Ranked-choice voting could soon become the default for Arlington County Board primaries in Arlington.

This weekend, the County Board is set to approve the voting method, in which residents rank candidates in order of preference. If approved, next year — when one County Board seat is up for grabs — participants in the June primary will fight to secure a 51% threshold to secure a nomination.

Voters got a taste of the voting method during the County Board primary this June, which featured a full slate of candidates jockeying for one of two nominations from Arlington Democrats. The nominees, Susan Cunningham and Maureen Coffey, were the first to secure 34% thresholds after six run-off rounds that eliminated bottom vote-getters.
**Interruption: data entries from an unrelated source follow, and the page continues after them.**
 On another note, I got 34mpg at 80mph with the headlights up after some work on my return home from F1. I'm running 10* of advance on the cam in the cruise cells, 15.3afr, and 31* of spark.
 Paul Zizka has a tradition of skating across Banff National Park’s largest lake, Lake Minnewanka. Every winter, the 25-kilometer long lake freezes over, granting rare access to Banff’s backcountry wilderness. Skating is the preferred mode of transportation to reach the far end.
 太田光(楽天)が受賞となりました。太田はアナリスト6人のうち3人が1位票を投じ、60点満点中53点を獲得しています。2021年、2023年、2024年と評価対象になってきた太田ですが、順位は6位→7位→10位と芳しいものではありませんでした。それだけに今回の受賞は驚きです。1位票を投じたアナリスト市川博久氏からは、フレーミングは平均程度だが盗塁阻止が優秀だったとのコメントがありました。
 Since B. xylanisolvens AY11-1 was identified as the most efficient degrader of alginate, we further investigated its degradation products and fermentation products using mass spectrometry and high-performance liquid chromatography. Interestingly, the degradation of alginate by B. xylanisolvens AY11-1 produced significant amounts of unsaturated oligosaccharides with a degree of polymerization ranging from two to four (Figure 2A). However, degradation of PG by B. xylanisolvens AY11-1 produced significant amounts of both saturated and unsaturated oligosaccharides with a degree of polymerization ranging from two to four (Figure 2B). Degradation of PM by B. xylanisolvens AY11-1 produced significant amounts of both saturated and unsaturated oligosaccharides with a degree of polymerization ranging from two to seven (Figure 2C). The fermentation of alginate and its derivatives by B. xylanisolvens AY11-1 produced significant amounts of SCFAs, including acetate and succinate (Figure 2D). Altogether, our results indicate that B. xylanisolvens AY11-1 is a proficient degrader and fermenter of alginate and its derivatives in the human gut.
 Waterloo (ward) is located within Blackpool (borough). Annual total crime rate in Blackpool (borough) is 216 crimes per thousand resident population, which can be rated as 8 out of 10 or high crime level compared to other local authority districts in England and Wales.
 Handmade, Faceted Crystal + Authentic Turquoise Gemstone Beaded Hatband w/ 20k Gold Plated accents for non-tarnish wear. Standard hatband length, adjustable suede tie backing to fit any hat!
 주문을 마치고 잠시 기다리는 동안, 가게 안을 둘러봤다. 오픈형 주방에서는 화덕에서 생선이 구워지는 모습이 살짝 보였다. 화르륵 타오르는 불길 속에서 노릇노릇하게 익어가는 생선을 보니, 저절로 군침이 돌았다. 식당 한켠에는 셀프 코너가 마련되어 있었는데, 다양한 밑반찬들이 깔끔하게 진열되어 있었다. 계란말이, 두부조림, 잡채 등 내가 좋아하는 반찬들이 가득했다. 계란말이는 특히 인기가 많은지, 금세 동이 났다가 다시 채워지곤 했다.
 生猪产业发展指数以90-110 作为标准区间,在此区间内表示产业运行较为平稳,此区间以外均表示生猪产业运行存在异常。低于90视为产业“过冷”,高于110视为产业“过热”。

In an election seen as a referendum on the Missing Middle zoning policies, local elections buffs pointed to the results as proof ranked-choice voting, or RCV, could better reflect a divided electorate, with Cunningham more opposed to it than Coffey, though both had criticism of its roll-out. Both women went on to win their campaigns this November and will be sworn in next month.
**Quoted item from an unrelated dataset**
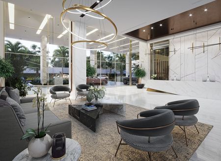 Lobby moderno y climatizado con doble altura

Still, County Board members were not totally on board. A month after the primary, after praising Arlington’s Dept. of Elections for how it handled the roll-out, Board members punted on adopting it for the general election. They expressed concerns about how votes are counted when two seats are up and the quality of outreach to voters about the new system, particularly people of color, renters and young people.

The County Board ultimately decided to adopt ranked-choice voting for County Board primaries only. This was an unpopular opinion among the 2,278 people who shared their thoughts on RCV with the county.

Only 7% said it should be reserved for primaries, compared to 47% who said it should be implemented in every election and 32% who said no elections should use the method.

Ranked-choice voting feedback results (via Arlington County)

Overall, most county survey respondents — about 70% — said their experience with RCV was either “positive,” “exceptional” or “fair,” while 29% said it was “negative.” About 75% reported having heard about it and being familiar with how it worked, and those who did report familiarity overwhelmingly said they learned about it through the news.

(An unscientific ARLnow poll found that 75% of readers reported not being confused by RCV.)

Making the change will cost $2 million, as the county intends to buy new ballot machines that allow voters to rank more than the three choices they can rank today. The current machines will be used in the the June 2024 County Board primary but will be switched out in the 2025 fiscal year.

Should the County Board decide to use ranked-choice voting for a general election, it must formally adopt its use at least 90 days before the election.